Exercise details: I'd like every entry transcribed word for word, with no pictures.

Data listing:
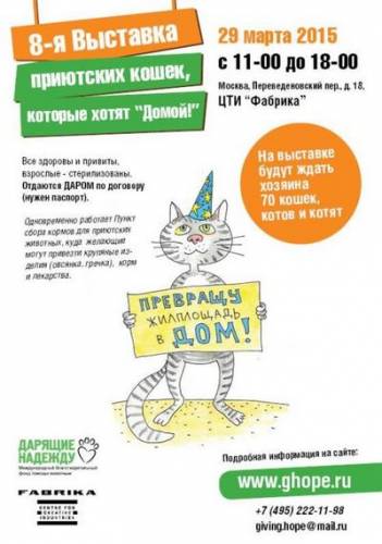Итак, время работы выставки - 29 марта (воскресенье), с 11-00 до 18-00 в Арт-центре Фабрика (Москва, Переведеновский пер. д.18, метро Электрозаводская) . Искать себе хозяев приедут 70 мартовских котов, кошек и котят (от 4-х месяцев). Все здоровенькие, привитые, взрослые коты и кошки - стерилизованы. Отдаются бесплатно. по договору передачи животного, поэтому на выставку нужно взять с собой паспорт . Традиционно во время работы выставки будет открыт Пункт сбора кормов для особо нуждающихся приютов. Тех, где животные живут впроголодь. Поэтому нужен сухой корм для собак и кошек, влажный - для щенков и котят. Просьба - привозите в заводской упаковке . Нужны глистогонные препараты и ОСОБЕННО НУЖНЫ СРЕДСТВА ОТ КЛЕЩЕЙ! Ведь начался сезон, когда эти опасные насекомые активизировались, в клиниках уже зарегистрированы случаи пироплазмоза. НУЖНЫ препараты: Барс, Стронгхол, Инспектор, Фронтлайн. Серьёзно, это вопрос жизни и смерти многих-многих животных. Очень надеемся на наших прекрасных, небезразличных москвичей!
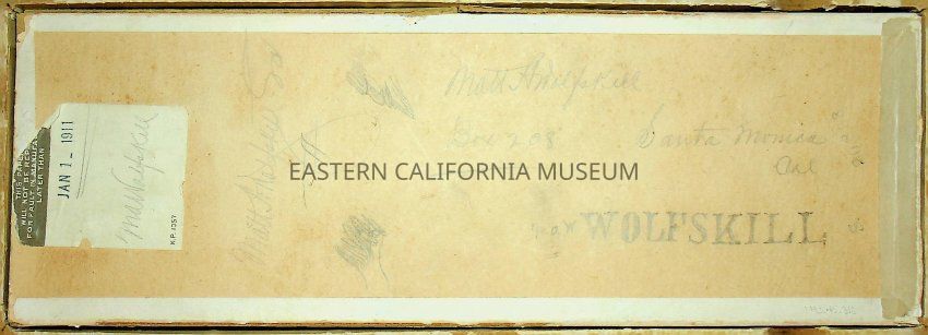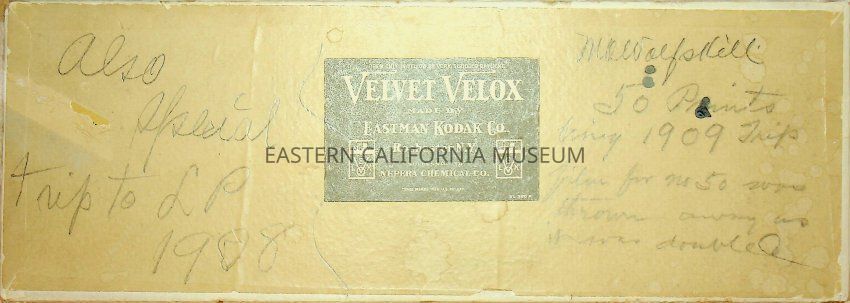 Cardboard box with label for "Velvet Velox, made by Eastman Kodak Co." There is a blue stamp on reverse with the date of Jan. 1, 1911. Extensive writing in pencil on front and back of box. The front includes: "M. A. Wolfskill 50 prints [illegible, maybe being?] 1909 trip. Film for No. 50 was thrown away as it was doubled. Also special trip to LP 1908." The back includes: "M. A. Wolfskill, Box 208, Santa Monica, Cal." His name has been written many times on the back.
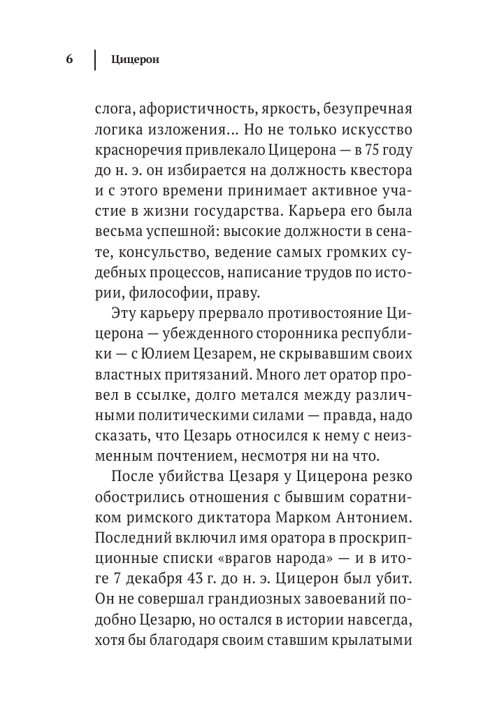 Марк Туллий Цицерон, названный современниками "Отцом Отечества", был в полной мере достоин так именоваться. Убежденный сторонник республики, человек, использовавший свои блестящие ораторские способности для защиты закона (и правды, как он ее понимал), Цицерон оставил огромное литературное наследие — труды по истории, философии, праву и, конечно же, речи. Его произведения дают представление не только о взглядах автора, но и о целой эпохе.
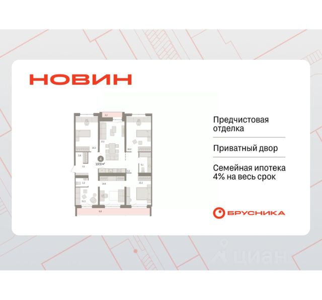 Квартира с кухней-гостиной и четырьмя спальнями в квартале "Новин". Особенности планировки: окна на две стороны, второй санузел, окно в коридоре, гардеробная, разнесённые спальни, предчистовая отделка, терраса.
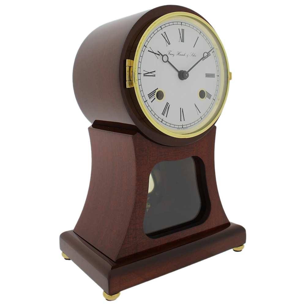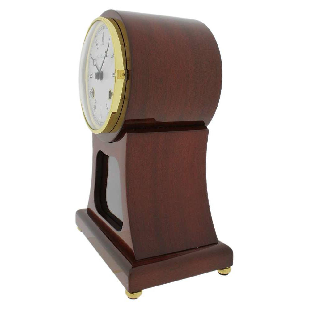 • Klok 22901-070131 is een pendule tafelklok in een mahonie gelakte houten uitvoering met messing pootjes, slinger en rand om de wijzerplaat.
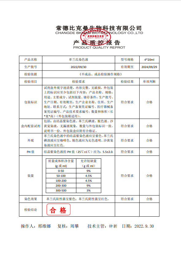 比克曼生物 革蘭氏染色液 20ml4支裝 110703003 20220930
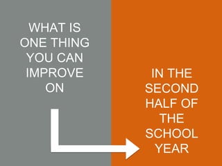 The document discusses improving classroom management and relationships in the second half of the school year. It provides tips and strategies for building positive relationships with students through movement, games, varied music, intentional mistakes, social media, one-on-one time, clear expectations, and positive greetings at dismissal. The document also includes a self-assessment to determine a teacher's cognitive style as either organizational or creative thinking.
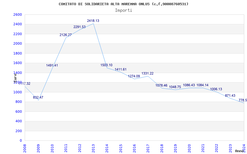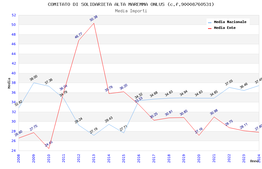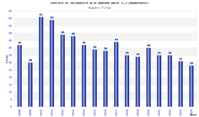 | Anno | Firme | Importi | Media | Naz. | Reg. | Prov. | Comu. |
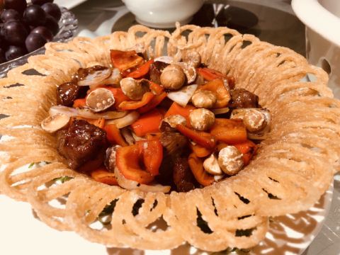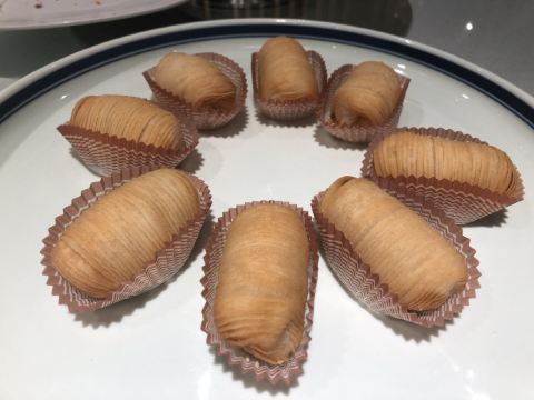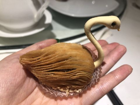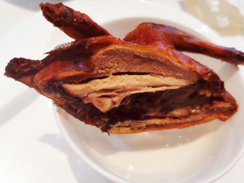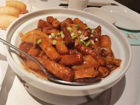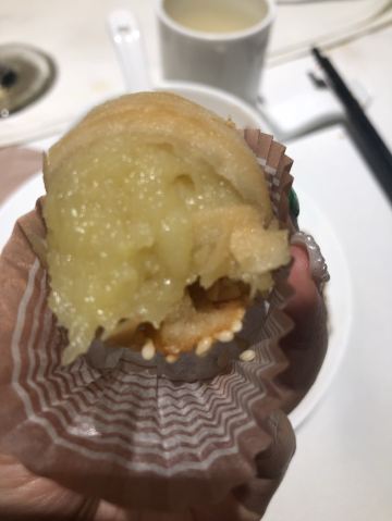 Tang Gong Seafood Fang ( Fu Chun Road )几年前,老单位的部门聚餐有一回就吃的唐宫,那次吃唐宫的乳鸽,虾饺和榴莲酥等,真是惊艳到了。 难得几个关系不错的老同事小聚,大家一致决定再来唐宫回味一下。商场电梯直接上顶楼,感谢帅哥同事提前预定了桌子,周末这里人气很旺,如果没有提前预定,就要排队等位了。 金奖乳鸽,必点啊,按人头一人一只,大家吃的过瘾。乳鸽既美容养颜,又营养滋补,何况唐宫的乳鸽确实做的好吃,不仅女士爱吃,男士也喜欢吃。 服务员推荐的黑松露南瓜,外观确实不好看,但是味道却很不错,南瓜炖的酥烂,撒了黑松露,没想到南瓜用中西结合的做法也会这么美味。 榴莲酥,一人两个是标配啊,不爱吃榴莲的同事也喜欢吃这里的榴莲酥。天鹅叉烧酥,颜值很高,适合拍照。

Solution for this task:
Итак, время работы выставки - 29 марта (воскресенье), с 11-00 до 18-00 в Арт-центре Фабрика (Москва, Переведеновский пер. д.18, метро Электрозаводская) . Искать себе хозяев приедут 70 мартовских котов, кошек и котят (от 4-х месяцев). Все здоровенькие, привитые, взрослые коты и кошки - стерилизованы. Отдаются бесплатно. по договору передачи животного, поэтому на выставку нужно взять с собой паспорт . Традиционно во время работы выставки будет открыт Пункт сбора кормов для особо нуждающихся приютов. Тех, где животные живут впроголодь. Поэтому нужен сухой корм для собак и кошек, влажный - для щенков и котят. Просьба - привозите в заводской упаковке . Нужны глистогонные препараты и ОСОБЕННО НУЖНЫ СРЕДСТВА ОТ КЛЕЩЕЙ! Ведь начался сезон, когда эти опасные насекомые активизировались, в клиниках уже зарегистрированы случаи пироплазмоза. НУЖНЫ препараты: Барс, Стронгхол, Инспектор, Фронтлайн. Серьёзно, это вопрос жизни и смерти многих-многих животных. Очень надеемся на наших прекрасных, небезразличных москвичей!
 Cardboard box with label for "Velvet Velox, made by Eastman Kodak Co." There is a blue stamp on reverse with the date of Jan. 1, 1911. Extensive writing in pencil on front and back of box. The front includes: "M. A. Wolfskill 50 prints [illegible, maybe being?] 1909 trip. Film for No. 50 was thrown away as it was doubled. Also special trip to LP 1908." The back includes: "M. A. Wolfskill, Box 208, Santa Monica, Cal." His name has been written many times on the back.
 Марк Туллий Цицерон, названный современниками "Отцом Отечества", был в полной мере достоин так именоваться. Убежденный сторонник республики, человек, использовавший свои блестящие ораторские способности для защиты закона (и правды, как он ее понимал), Цицерон оставил огромное литературное наследие — труды по истории, философии, праву и, конечно же, речи. Его произведения дают представление не только о взглядах автора, но и о целой эпохе.
 Квартира с кухней-гостиной и четырьмя спальнями в квартале "Новин". Особенности планировки: окна на две стороны, второй санузел, окно в коридоре, гардеробная, разнесённые спальни, предчистовая отделка, терраса.
 • Klok 22901-070131 is een pendule tafelklok in een mahonie gelakte houten uitvoering met messing pootjes, slinger en rand om de wijzerplaat.
 比克曼生物 革蘭氏染色液 20ml4支裝 110703003 20220930
 The document discusses improving classroom management and relationships in the second half of the school year. It provides tips and strategies for building positive relationships with students through movement, games, varied music, intentional mistakes, social media, one-on-one time, clear expectations, and positive greetings at dismissal. The document also includes a self-assessment to determine a teacher's cognitive style as either organizational or creative thinking.
 | Anno | Firme | Importi | Media | Naz. | Reg. | Prov. | Comu. |
 Tang Gong Seafood Fang ( Fu Chun Road )几年前,老单位的部门聚餐有一回就吃的唐宫,那次吃唐宫的乳鸽,虾饺和榴莲酥等,真是惊艳到了。 难得几个关系不错的老同事小聚,大家一致决定再来唐宫回味一下。商场电梯直接上顶楼,感谢帅哥同事提前预定了桌子,周末这里人气很旺,如果没有提前预定,就要排队等位了。 金奖乳鸽,必点啊,按人头一人一只,大家吃的过瘾。乳鸽既美容养颜,又营养滋补,何况唐宫的乳鸽确实做的好吃,不仅女士爱吃,男士也喜欢吃。 服务员推荐的黑松露南瓜,外观确实不好看,但是味道却很不错,南瓜炖的酥烂,撒了黑松露,没想到南瓜用中西结合的做法也会这么美味。 榴莲酥,一人两个是标配啊,不爱吃榴莲的同事也喜欢吃这里的榴莲酥。天鹅叉烧酥,颜值很高,适合拍照。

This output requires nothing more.